László Lévai, Szilvia Veres (2013)
University of Debrecen
The exchange of oxygen, carbon dioxide and the loss of water in the leaf occur through pores called stomata. Guard cells are cells surrounding each stoma. Guard cells drive stomatal movement through changes in their osmotic pressure. When the guard cells are turgid the stomatal pore is large. This turgidity is caused by the accumulation of potassium ions in the guard cells. As potassium ion levels increase in the guard cells, the water potential of the guard cells drops, and water enters the guard cells. This actively accumulates potassium ions from neighboring epidermal cells due to proton pump-generated membrane potential. Part of this response is due to the activation of blue-light dependent receptors that transiently activate the plasma membrane H+-ATPase.
When the guard cells have lost water, it causes the cells to become flaccid and the stomatal pore to close. This may occur when the plant has lost an excessive amount of water. In addition, it generally occurs daily as light levels drop and the use of CO2 in photosynthesis decreases.

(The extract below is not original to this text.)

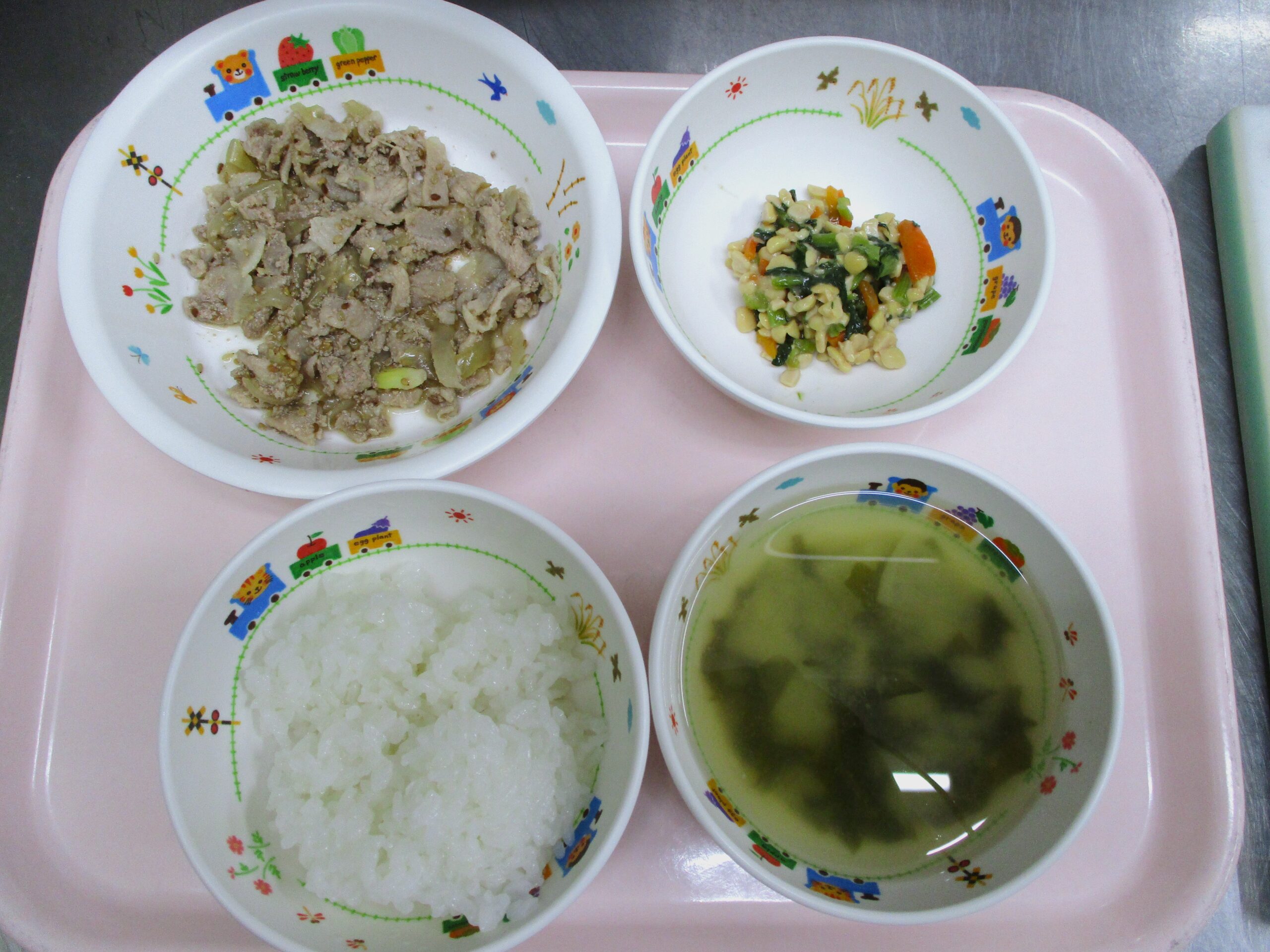 2024.04.10 大宮たんぽぽ保育園🌈 🍽️豚肉のごま照り焼き さいたま市北区 大宮たんぽぽ保育園🌈 今日の給食🍽️ 🍚ごはん🍲みそ汁🍗豚肉のごま照り焼き🫛🥬青菜の納豆和え いただきます。🧑🍳 -

Stomatal opening is tightly controlled to meet the demand for CO2 for photosynthesis and restrict the loss of water during drought. On hot and sunny days, guard cells will often receive conflicting signals, high light promoting stomatal opening and low humidity inducing stomatal closure. This raises the question, how guard cells process these signals in such a way that opposing responses are prevented. Guard cell responses to blue light and ABA are clearly time dependent. After receiving these signals, guard cells show a maximal response after a few minutes, which levels off afterwards. Once the response has passed its maximum guard cells transport can be altered again by other signals. The response to photosynthetic light differs in this respect, since here a negative feedback system couples the influx of CO2 through stomata to the demand for CO2 in the leaf.

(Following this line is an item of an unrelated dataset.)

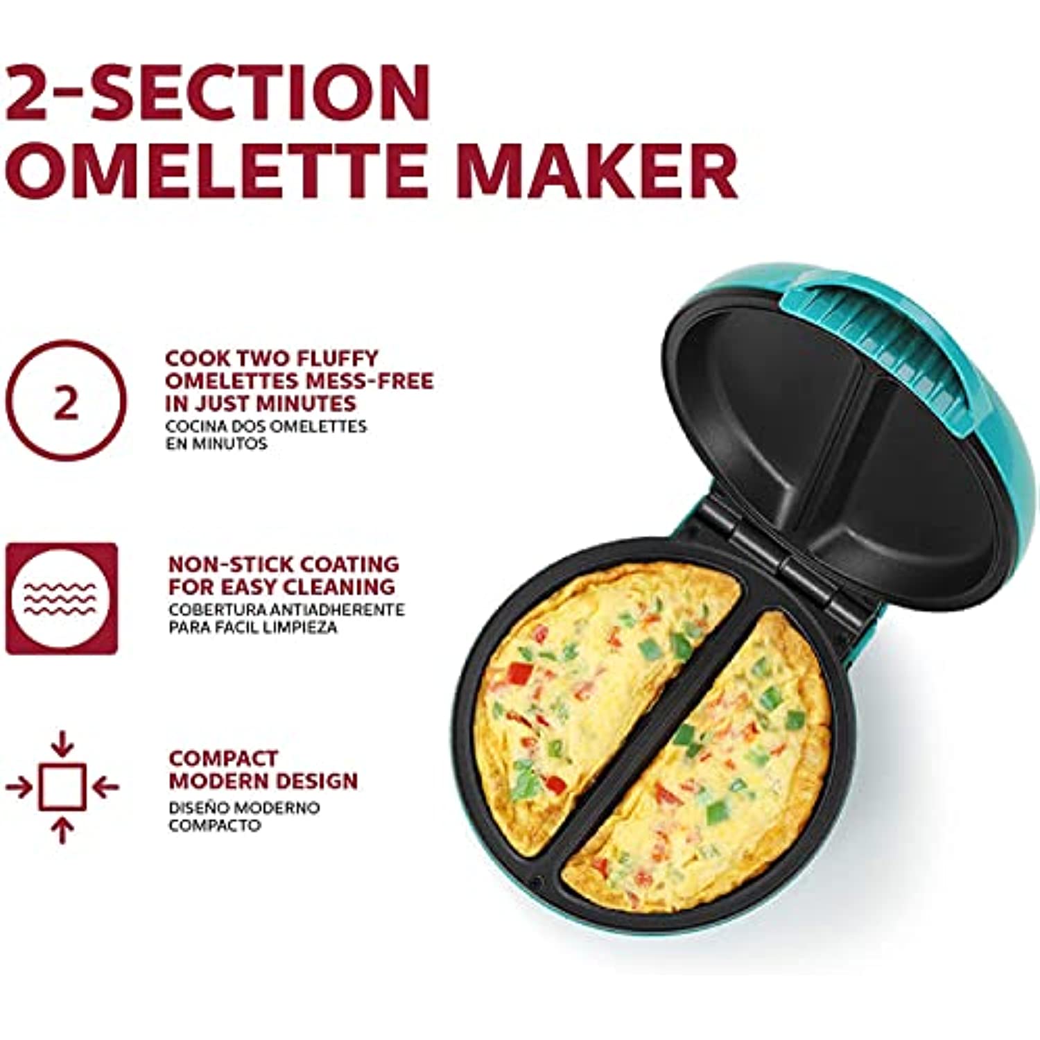 Non-Stick Omelet & Frittata Maker, Teal/Stainless Steel - Makes 2 Individual Portions Quick & Easy

There are many signals that induce stomatal closure, among these the best known signal is probably ABA. In the signaling pathway towards stomatal closure, there are several secondary messengers, such as Ca2+, H2O2 and NO that contribute to the stomatal closure. Passive loss of turgor pressure also results in stomatal closure. Hydro passive stomatal closure occurs when the water evaporation from the guard cells is too low to be balanced by water movement into these cells. The water content in the cells is then rapidly reduced to the extent where the osmotic pressure is reduced and the cells lose turgor pressure and shrink. When this happens the guard cells are unable to maintain the shape and the stomatal pore is covered. Passive stomatal closure is important in ferns and Lycopods.